It's my understanding that what is and isn't "closed form" is rather arbitrary. Functions which are used frequently – like exp() – are elevated to closed form status, and yet you can't evaluate exp() in a finite number of steps. So how is the explicit solution to the goat problem objectively different?
Yes I also feel that way to some degree, but I just never considered an integral to be closed form. There is some argument to be made for exp, as it is considered an 'elementary function'. I was going off this statement from wikipedia on closed form expressions
"It may contain constants, variables, certain "well-known" operations (e.g., + − × ÷), and functions (e.g., nth root, exponent, logarithm, trigonometric functions, and inverse hyperbolic functions), but usually no limit, differentiation, or integration."
Edit: I think if you say an integral is closed form, you must also admit that a limit is closed form, since an integral is defined in terms of limits (though technically more restrictive). In that case, you should also admit that we already had a closed form expression for this number, as it could be expressed as a limit of an iterative process.

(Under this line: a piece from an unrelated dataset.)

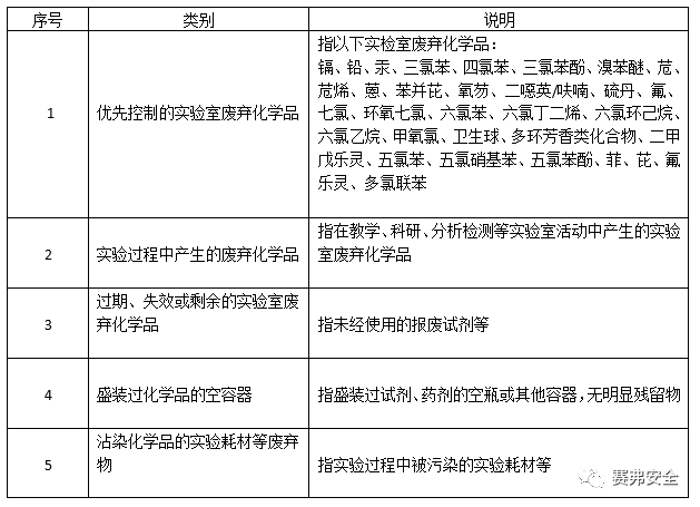 1.根据GB/T 31190-2014《实验室废弃化学品收集技术规范》,实验室危险废弃物可按下表分类:

> There is some argument to be made for exp, as it is considered an 'elementary function'.
But exp() is defined as the limit over an infinite sum, so why does it get to be an elementary function?
My point it that the distinction between closed form and non-closed form is arbitrary, and that there is no qualitative difference. In fact, limit and integral are just (higher-order) functions as well – and rather ubiquitous ones, so why aren't they considered elemental?
You're not wrong, in that closed-form is not a clearly-defined term.
However, mathematicians rarely do numerical calculations, so exp(), gamma, etc. are considered elementary functions, and there's no urgency to translate from symbols to numbers.
Physicists who do calculations might be more restrictive about what closed-form means if they intend to compute a numeric result.
Source: I studied pure mathematics, and we never used calculators - it was laughable, in fact. Most of our series never converged in the first place. :)
But it is exact.
> Not really [a] closed form solution
It's my understanding that what is and isn't "closed form" is rather arbitrary. Functions which are used frequently – like exp() – are elevated to closed form status, and yet you can't evaluate exp() in a finite number of steps. So how is the explicit solution to the goat problem objectively different?